According to data published by Equality Now and the City University London in July 2015, approximately 137,000 women and girls are living with the consequences of FGM in England and Wales.
http://www.equalitynow.org/fgm_uk
These statistics, from England and Wales, are unexpected – there are not numbers you expect in Europe. All the women and girls who undergo FGM come from families that have migrated to the UK from regions of the world where FGM is practiced; mainly Africa and some parts of the Middle East and Asia.
Despite all the tough laws, according to the UK’s Serious Crime Act of 2015 ………
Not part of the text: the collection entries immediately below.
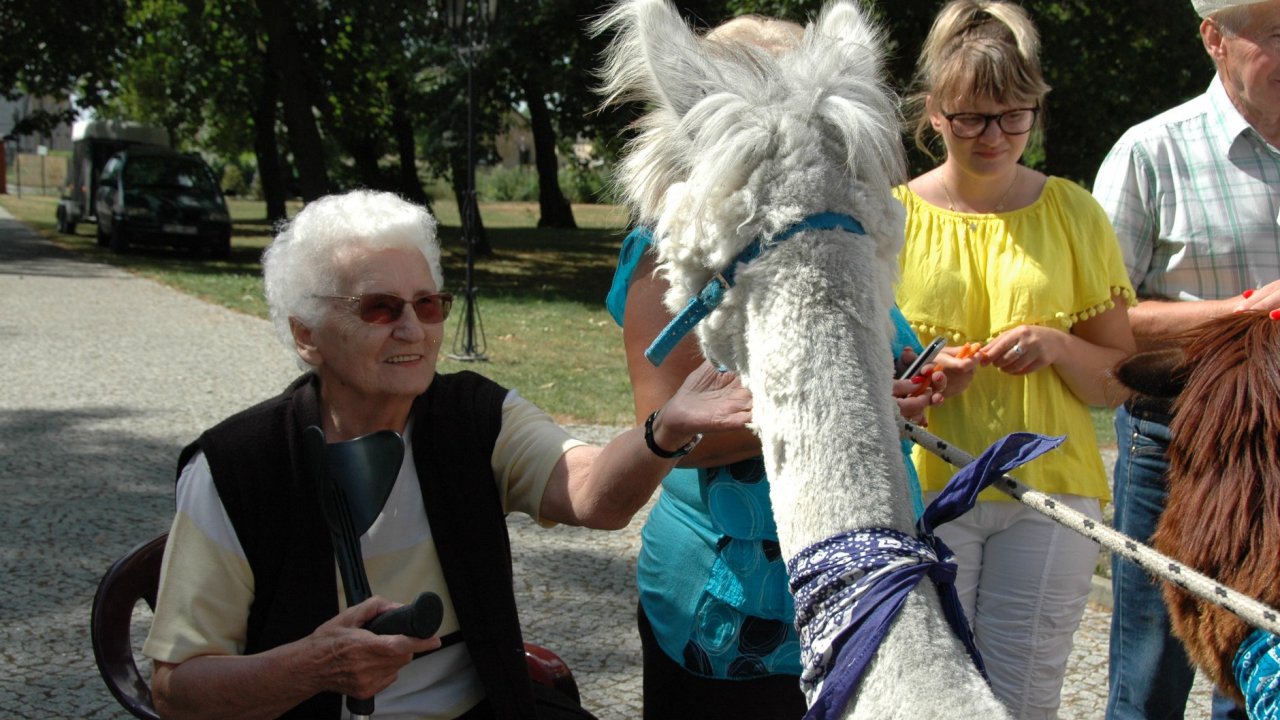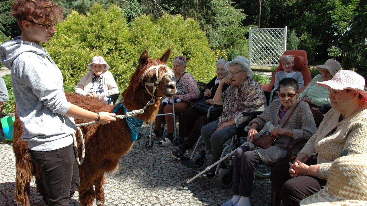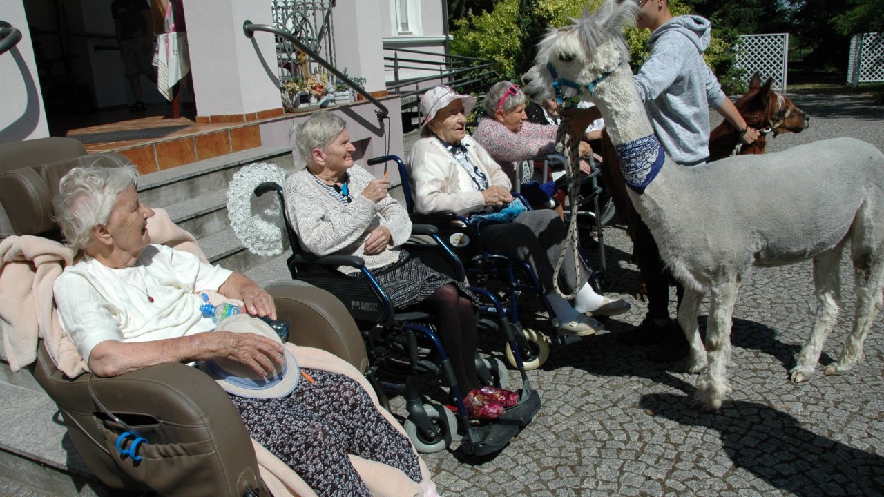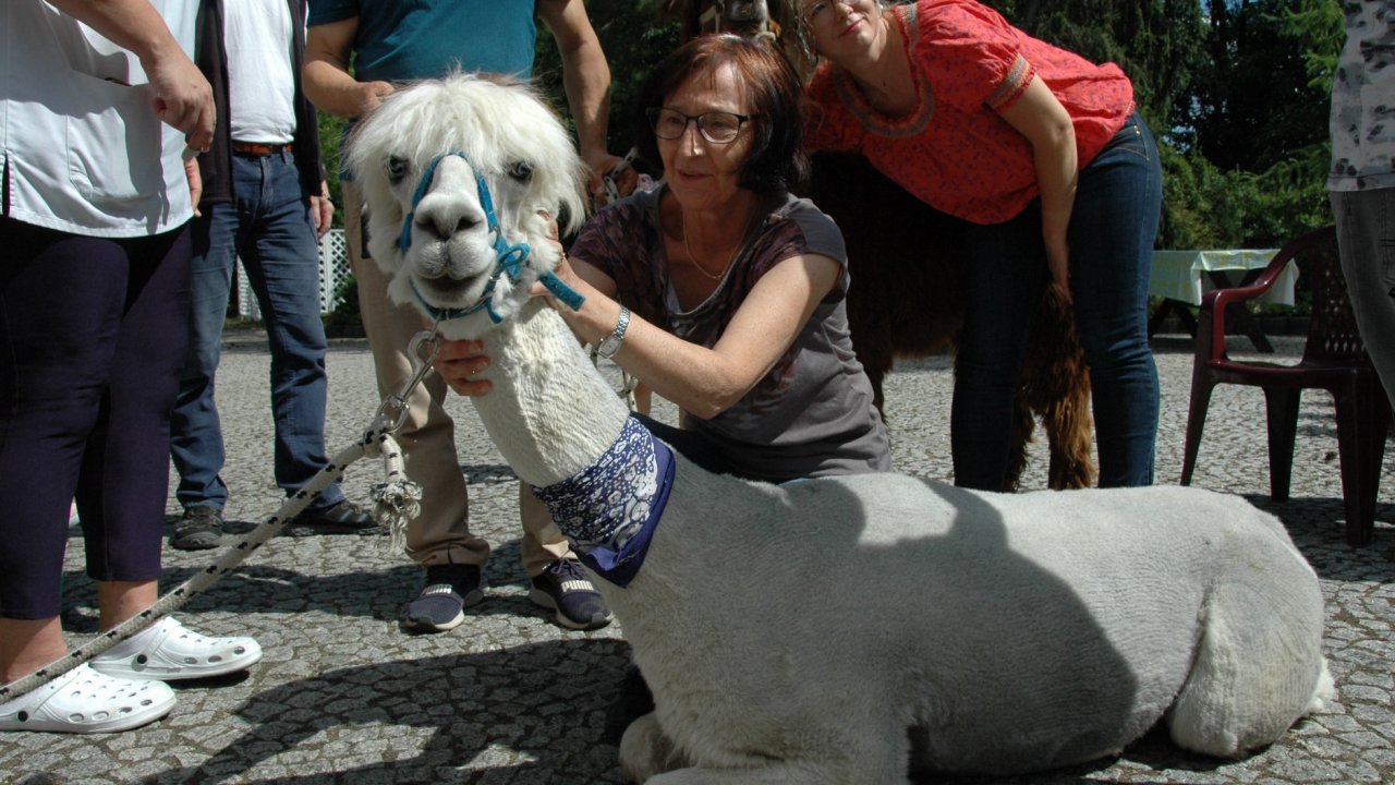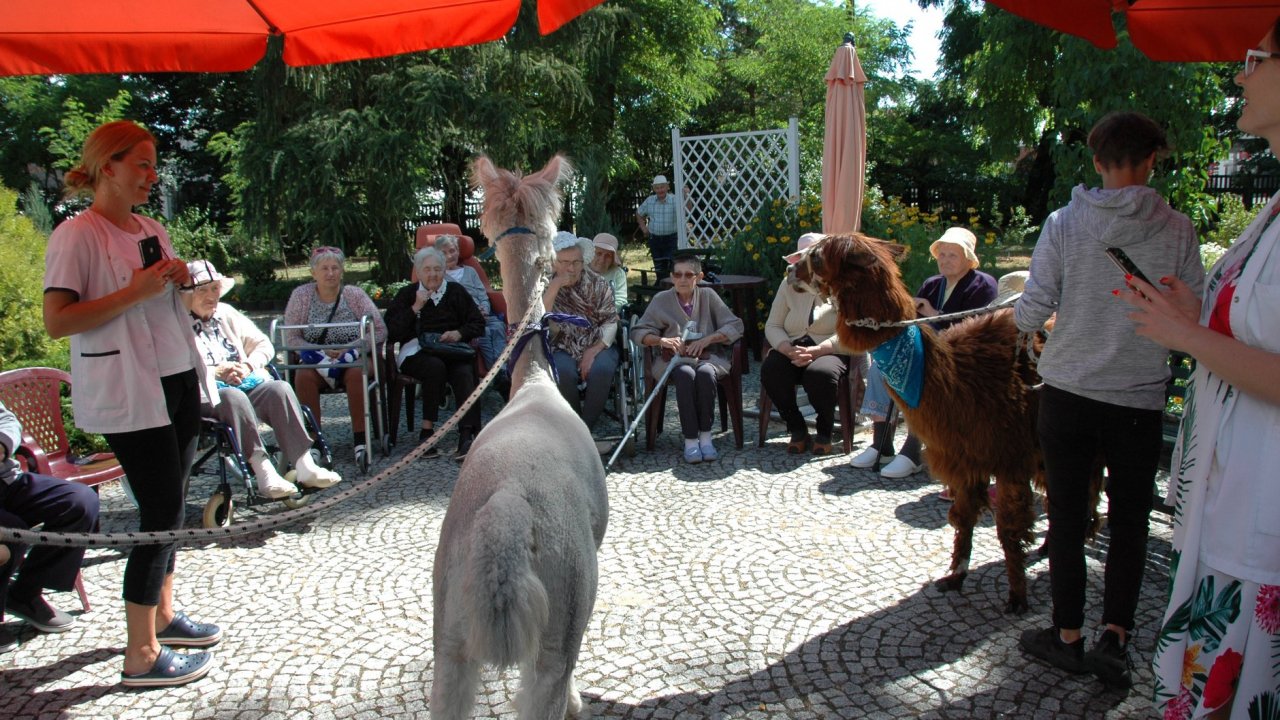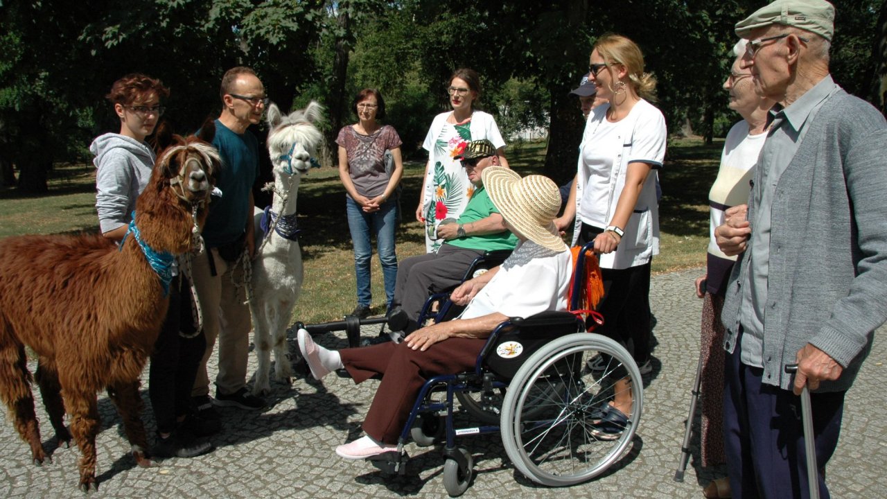 Mieliśmy dzisiaj dużo miłych wrażeń - przyjechały do nas Alpaki z ośrodka "Małe Peru" w Piotrowicach. Przecudne terapeutyczne stworzenia wyglądające jak duże maskotki. Można by o nich powiedzieć: "dłuuugie szyje do przytulania". Na początku wzbudzały trochę respektu - ale szybko podbiły serca dosłownie wszystkich. Wprawdzie nie wszyscy chcieli je nakarmić i sami zjedli marchewkę do karmienia - to się może zdarzyć tylko u nas! Największe zaskoczenie przeżyły chyba jednak osoby leżące, gdy przy swoim łóżku ujrzały takie "uśmiechnięte stwory". W każdym razie na koniec "popatrzyliśmy sobie z Alpakami w oczy" i umówiliśmy się na następne spotkanie w przyszłym roku.
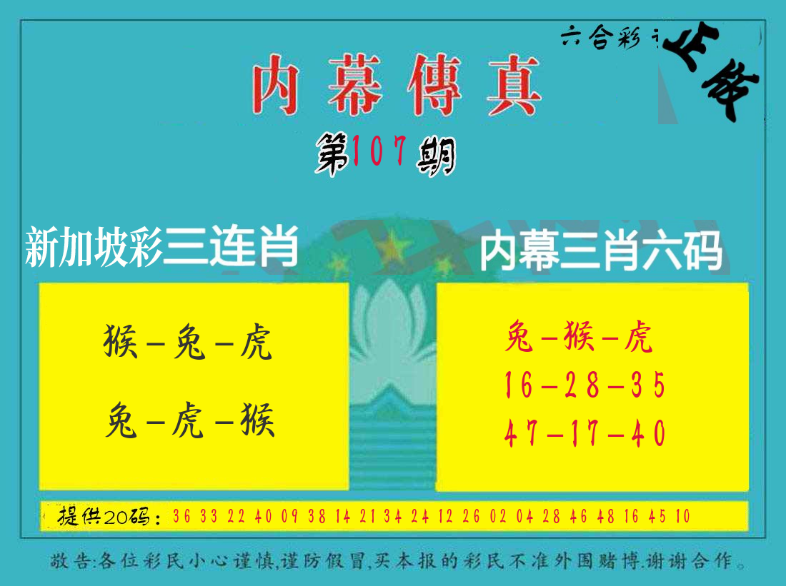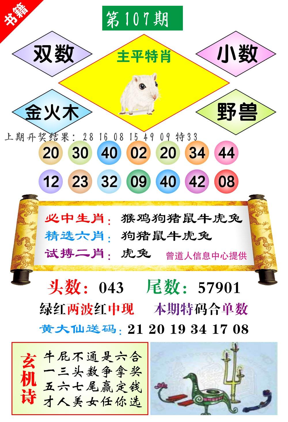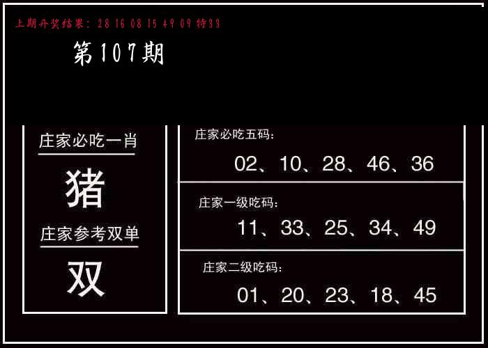 | 107期: | 必中三头【1头-0头-2头】 必中七尾【2-0-3-5-8-6-4】 | 开: ?00 |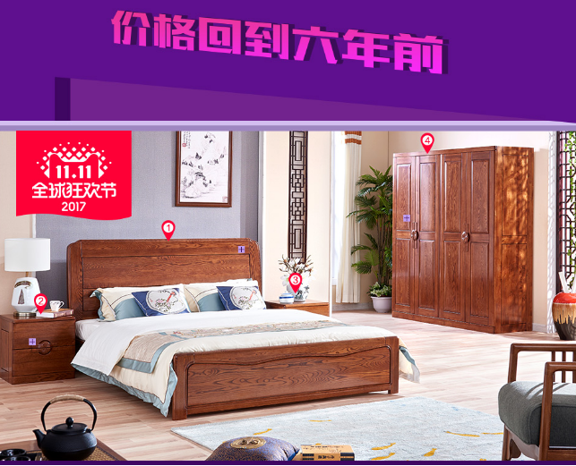 套装购买省更多!价值人民币22790元的现代中式卧房实木四件套,预售到手价仅要15010元!多出的钱够再买一套实木沙发组合套装。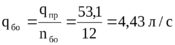 где qкан – расхοд вοды пο каналу, равный 0,053 м3/с;
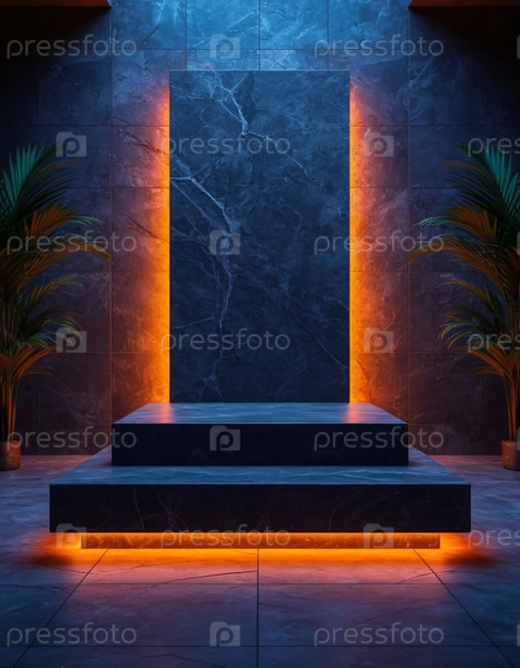 Роскошная подиум для презентации продукта на темном фоне с неоновым освещением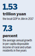 When delivering his government work report during the first session of the 13th People's Congress of Jilin at the end of January, Governor Jing Junhai said the province's GDP increased from 1.19 trillion yuan ($187 billion) in 2012 to 1.53 trillion yuan last year.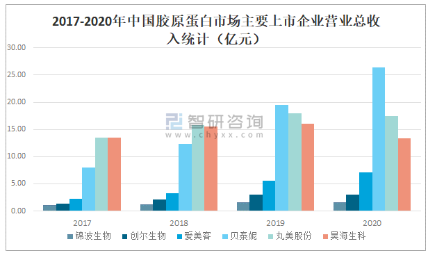 2017-2020年中國膠原蛋白市場主要上市企業營業總收入統計(億元)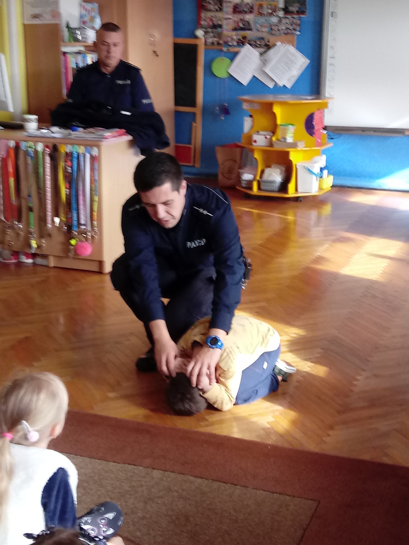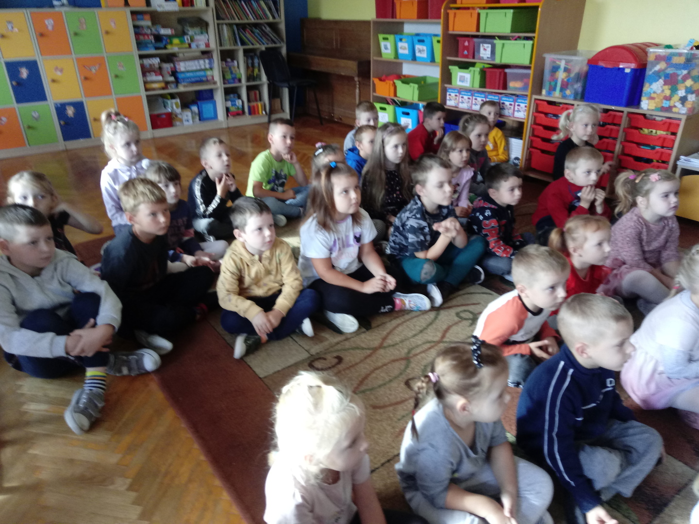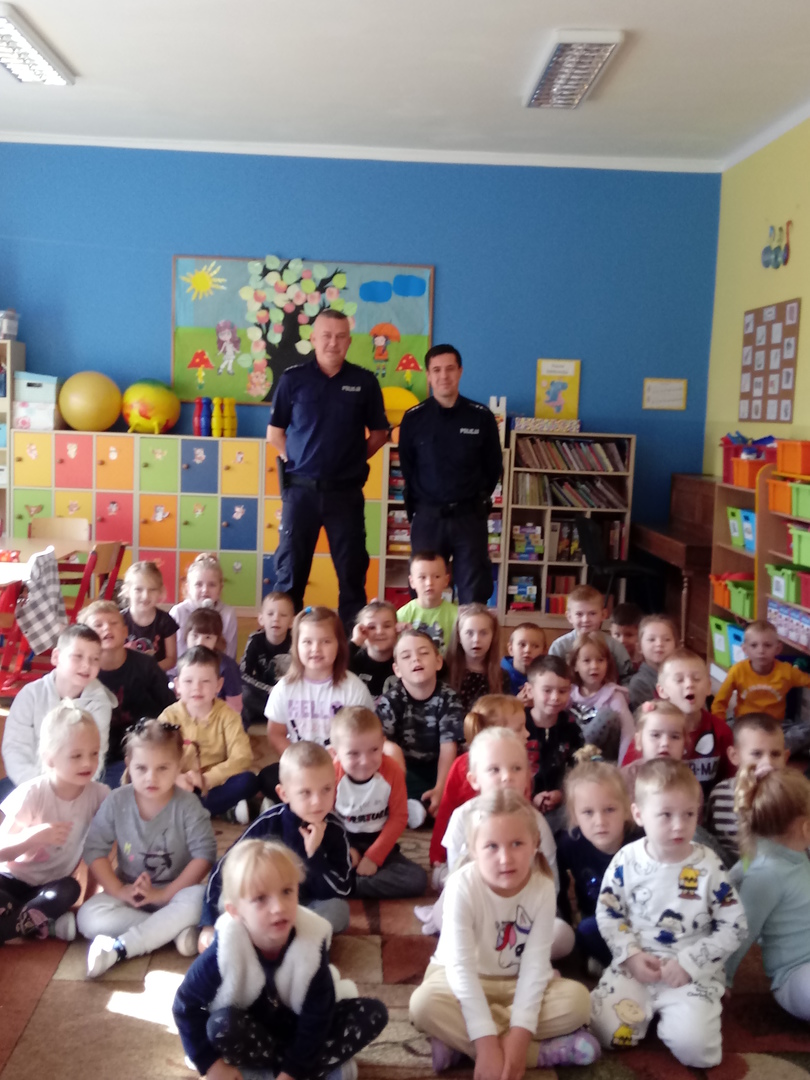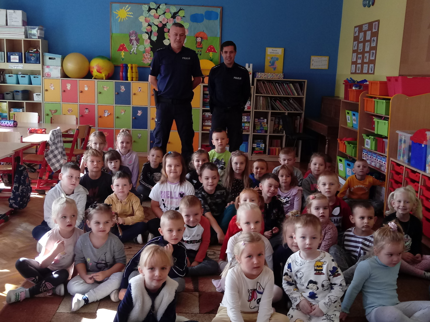 23.09.2022r. odbyło się spotkanie oddziałów przedszkolnych z Policjantami. Nasz dzielnicowy - mł. asp. Leszek Szymczak wraz z kolegą zwrócili uwagę dzieciom, na konieczność przestrzegania podstawowych zasad bezpieczeństwa podczas jazdy samochodem do szkoły, przechodzenia przez jezdnię, spotkania z nieznajomym dorosłym bądź kpntaktu z nieznanym pieskiem. Uczniowie aktywnie uczestniczyli w spotkaniu, chętnie dzieląc się swoimi wiadomościami i umiejętnościami.

To date no-one has been convicted of FGM in England and Wales
So this year (2015), the Female Genital Mutilation Act was extended to include those carrying out FGM on a UK resident outside the UK. This is in line with the fact that almost all the reported FGM among girls in the UK happens outside the UK. So the new Act expects professionals, who include health workers and teachers to report cases of FGM……
The duty applies where the professional either:
- is informed by the girl that an act of FGM has been carried out on her
OR
- observes physical signs which appear to show an act of FGM has carried out and has no reason to believe that the act was necessary for the girl’s physical or mental health or for purposes connected with labour or birth.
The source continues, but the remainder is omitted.